Task instructions: Scan the records for the word "dengue". Return each line where it is found.

-------------------------

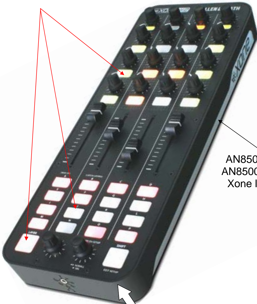
AN8500-L (left) AN8500-R (right) Xone logo trim
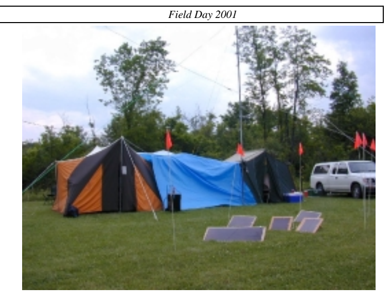
We invited the Park Rangers to come visit (supported agency, we have done a number of SAR operations with them)
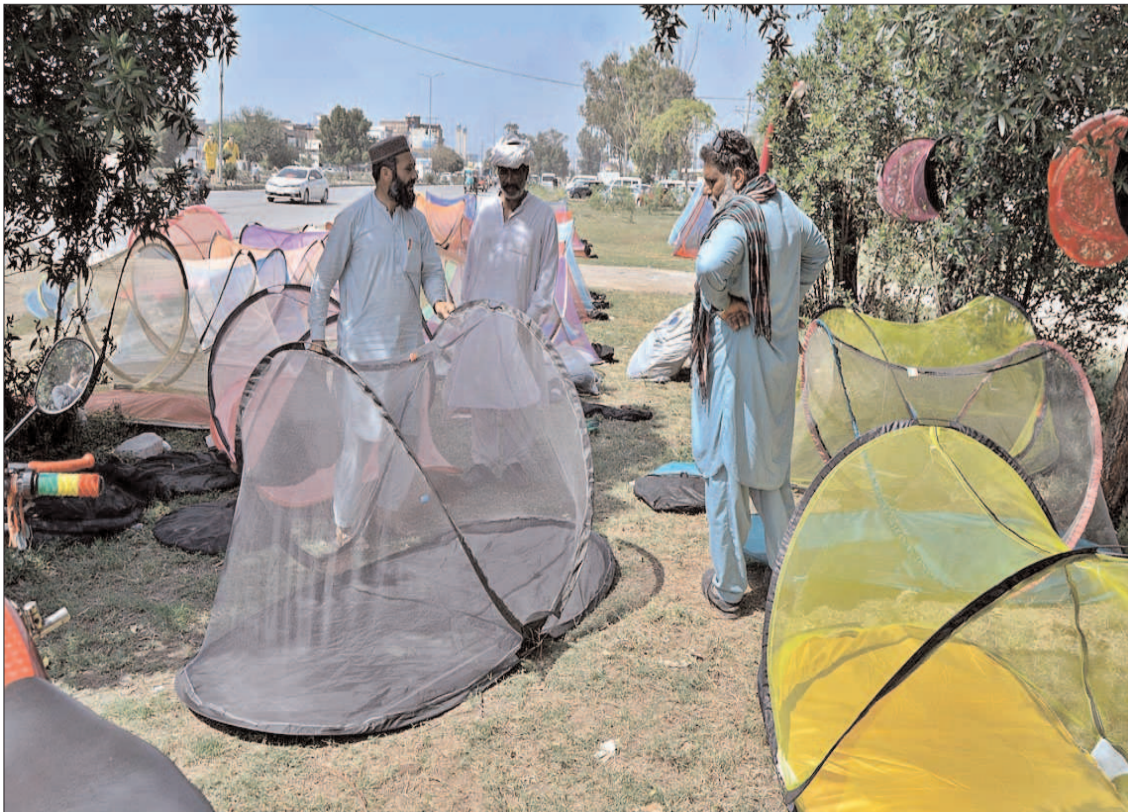
LAHORE: A vendor is selling mosquito nets as a preventative measure against dengue and malaria fever at roadside setup in Provincial City.

Caretaker Minister for Primary Health Jamal Nasir said the CBC test facility had been provided in rural health centers for dengue diagnosis.
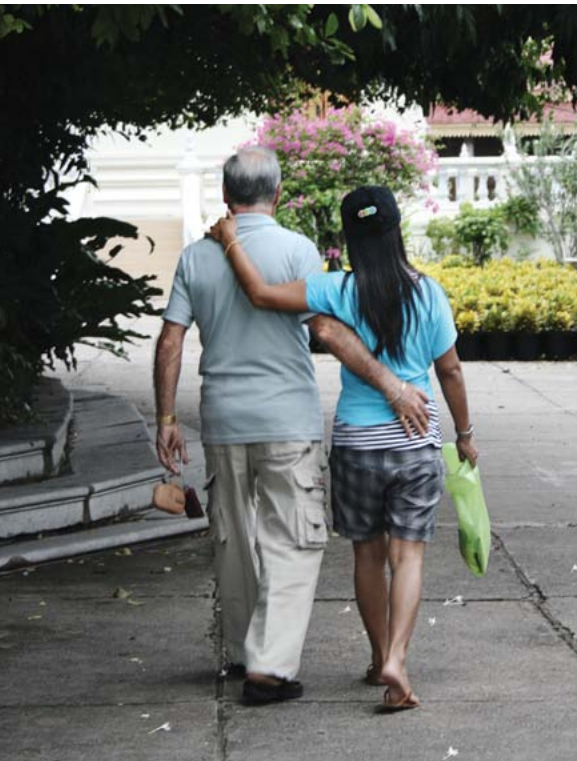
Another example of a foreigner with wealth exploiting one without – an all too common scene.

But even once they reach out for help, it can be difficult to bring victims home. Our latest program seeks to respond to these pleas for help. We're a small charity, and yet we've recently been trusted with the privilege of helping even more Cambodians in need of rescue around the world. A few months ago, the United Nations and IOM (International Organization for Migration) asked Ratanak to participate in this new initiative to help Cambodians who have been trafficked overseas. Ratanak is working together with an NGO in Cambodia called Chab Dai. Our new repatriation program seeks to help victims of exploitation by :

-------------------------

Task output:
LAHORE: A vendor is selling mosquito nets as a preventative measure against dengue and malaria fever at roadside setup in Provincial City.
Caretaker Minister for Primary Health Jamal Nasir said the CBC test facility had been provided in rural health centers for dengue diagnosis.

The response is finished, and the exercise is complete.